Semiconductor lasers in the form of heterojunction diodes with quantum well
active regions and made of materials such as Al.sub.x Ga.sub.1-x As with
GaAs quantum wells provide a compact and rugged source of infrared light
which can be easily modulated by simply varying the diode current. In
particular, a stripe geometry diode laser may be small (e.g., 5l .mu.m
wide by 100 .mu.m long with a 30 nm thick active area imbedded in a 400 nm
thick optical core). The reflecting ends of the lasing cavity may be
distributed Bragg reflectors to avoid cleaved mirror ends. See for
example, Tiberio et al., Facetless Bragg Reflector Surface-emitting
AlGaAs/GaAs Lasers Fabricated by Electron-beam Lithography and Chemically
Assisted Ion-beam Etching, 9 J.Vac.Sci.Tech. B 2842 (1991).
SUMMARY OF THE INVENTION
The present invention provides two-way optical communication with a
receiving detector which may be made transparent for transmission.
Preferred embodiment integrated circuits include a waveguide with a series
combination of a transparentable detector, an amplitude modulator, and a
laser source for both reception and transmission.
The present invention provides technical advantages including a detector
compatible with same wavelength transmission without a 50% splitting loss.
BRIEF DESCRIPTION OF THE DRAWINGS
The drawings are schematic for clarity.
FIG. 1a-b show known optical communication systems.
FIGS. 2a-d illustrate quantum well absorption and index of refraction
variation.
FIG. 3 is a plan view of a first preferred embodiment optical transceiver.
FIGS. 4a-b are plan and cross sectional elevation views of the first
preferred embodiment.
FIG. 5 is a cross sectional elevation view of an integrated circuit
waveguide.
FIGS. 6a-b show optical confinement in the waveguide.
FIGS. 7-8 are band diagrams illustrating absorption and emission.
FIG. 9 illustrates a laser with distributed Bragg reflectors and waveguide.
FIGS. 10a-b show preferred embodiment phased array radar systems.
FIG. 11 is a plan view of a second preferred embodiment transceiver.
FIGS. 12a-f illustrate steps in a preferred embodiment method of
fabrication.
DESCRIPTION OF THE PREFERRED EMBODIMENTS
Overview
FIG. 3 shows in heuristic plan view first a preferred embodiment optical
transceiver integrated circuit, generally indicated by reference numeral
300, including optical waveguide 302 with incorporated multiple quantum
well (MQW) optical detector 310, interferometer 320 including phase
modulator 322 for amplitude modulation, diode laser 330, dc bias plus
output microstrip line 316 with inductor 318 for detector 310, and dc bias
plus input microstrip line 326 with inductor 328 for modulator 322.

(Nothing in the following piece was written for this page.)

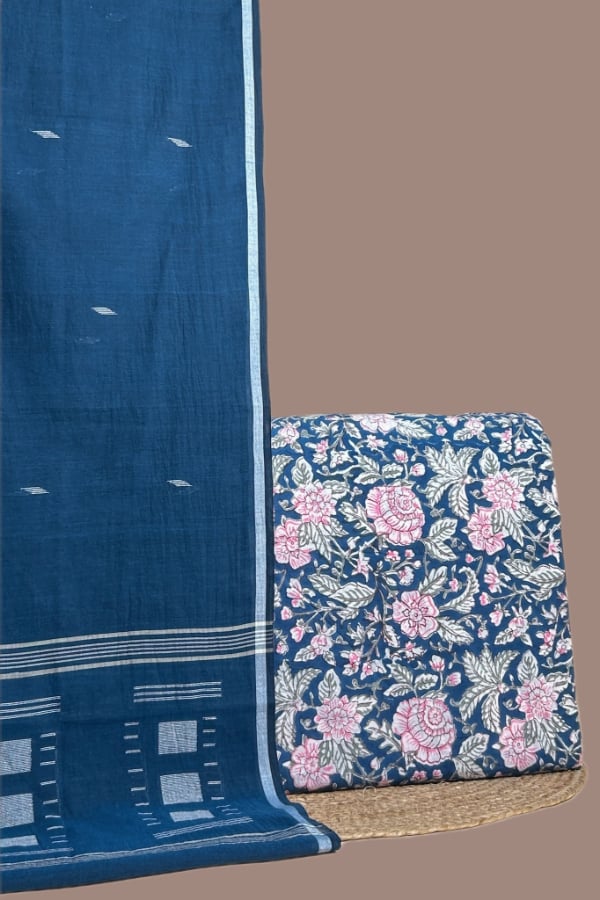 Blue – 2pc Handloom Cotton Dupatta and Blockprinted Soft Cotton Top Set

Communication channel optical fiber 350 has a lensed end and butt couples
to optical waveguide 302 on integrated circuit 300. Electrical transmit
and receive lines connect to microstrips 326 and 316, respectively, and
bias (control) lines connect to the detector and modulator through the
inductors. Other bias connections, such as resistors, could be used in
place of the inductors.
Transceiver 300 operates as follows. To receive information in the form of
amplitude modulated (analog) light of a single frequency (single free
space wavelength) on optical fiber 350, the dc bias on MQW detector 310 is
set so detector 310 is absorbing and laser 330 is turned off. Then the
light from optical fiber 350 couples into waveguide 302 at the edge of the
integrated circuit and proceeds to detector 310 where it is absorbed and
creates an output electrical signal on microstrip 316. Detector 310
basically is a reverse-biased photodiode, so detector 310 outputs a
current with amplitude proportional to the amplitude of the input light.

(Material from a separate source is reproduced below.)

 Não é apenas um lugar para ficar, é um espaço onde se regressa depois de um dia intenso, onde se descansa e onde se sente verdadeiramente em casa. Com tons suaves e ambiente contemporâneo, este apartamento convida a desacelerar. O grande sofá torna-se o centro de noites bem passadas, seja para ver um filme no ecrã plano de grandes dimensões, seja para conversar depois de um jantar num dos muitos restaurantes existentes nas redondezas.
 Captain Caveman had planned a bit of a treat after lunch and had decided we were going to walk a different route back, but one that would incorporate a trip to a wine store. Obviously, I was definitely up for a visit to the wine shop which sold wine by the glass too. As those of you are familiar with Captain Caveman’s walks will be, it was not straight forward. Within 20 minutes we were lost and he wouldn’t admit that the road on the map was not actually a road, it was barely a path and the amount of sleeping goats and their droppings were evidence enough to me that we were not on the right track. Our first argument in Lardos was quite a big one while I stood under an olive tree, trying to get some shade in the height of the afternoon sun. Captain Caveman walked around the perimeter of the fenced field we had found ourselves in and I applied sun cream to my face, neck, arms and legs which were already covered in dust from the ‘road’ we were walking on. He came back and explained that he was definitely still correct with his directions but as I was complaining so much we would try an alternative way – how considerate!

The amplitude of the input light has frequencies on the order of MHz to
GHz, so inductor 318 prevents coupling of the output current to the dc
source, and the output current connects to the receive line.
To transmit information, which is in the form of electrical signals at the
transmit line connected to microstrip 326 and with frequencies on the
order of MHz to GHz, change the dc bias of detector 310 to make it
transparent, turn on laser 330 (which is a continuous wave diode laser),
set the dc bias of MQW phase modulator 322, and apply the transmit signal
to modulator 322. The light emitted by laser 330 splits into the two
branches of waveguide 302 making up interferometer 320, and the light
traveling the branch with modulator 322 sees a varying path length because
the transmit signal varies the index of refraction of the portion of
waveguide 302 within modulator 322. This varying path length implies that
the light in the branch with modulator 322 is phase shifted with respect
to the light in the other branch, and thus recombining the light from the
two branches produces interference and results in amplitude modulation.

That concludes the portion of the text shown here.